VanMoof’s rapid growth and focus on proprietary parts led to its downfall. By 2023, the company reportedly lost money on each bike due to costly repairs, and struggled to raise additional funds to stay afloat. This past summer, VanMoof paused sales and Taco Carlier left as the firm declared bankruptcy.
Electric scooter maker Lavoie acquired what was left of VanMoof in August for “tens of millions,” pulling it out of bankruptcy. Months later, it seems the acquirer has yet to restart VanMoof production or resume repairs.
On the other hand
It’s been a bummer year for fans of small EVs, but all is not lost. For one, city bike-sharing programs are booming and increasingly electric. D.C.’s Capitol Bikeshare notched a record 428,000 rides in the month of may. That same month, New York’s Citi Bike recorded 867,838 rides in a single week — and the program continues to expand.
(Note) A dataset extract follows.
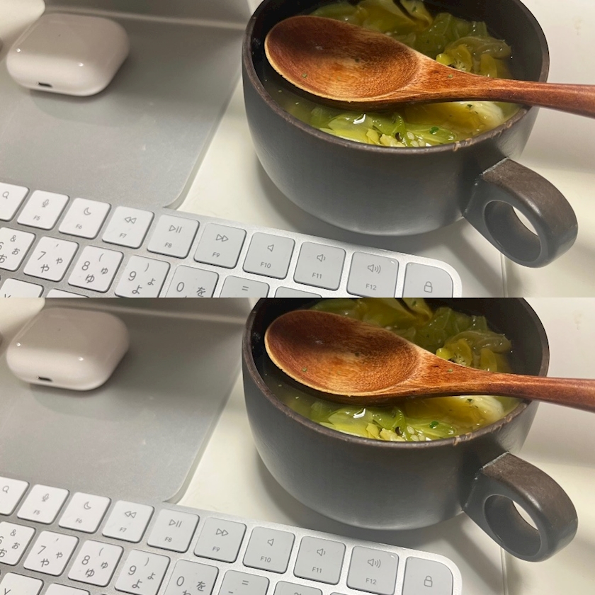 コンソメスープ食べながら

Beyond e-bikes, Arcimoto lives on as the rare, three-wheeled EV holdout in the U.S. The Fiat 500e is coming to North America in 2024 (in limited quantities), several years after its debut in the EU. A startup called Telo Trucks is attempting to prove that Americans will buy small trucks again, and it’s developing a pickup with the footprint of a two-door Mini Cooper. Plus, while GM said it would kill the Chevy Bolt and larger Bolt EUV, the automaker now says it will keep the latter Bolt around.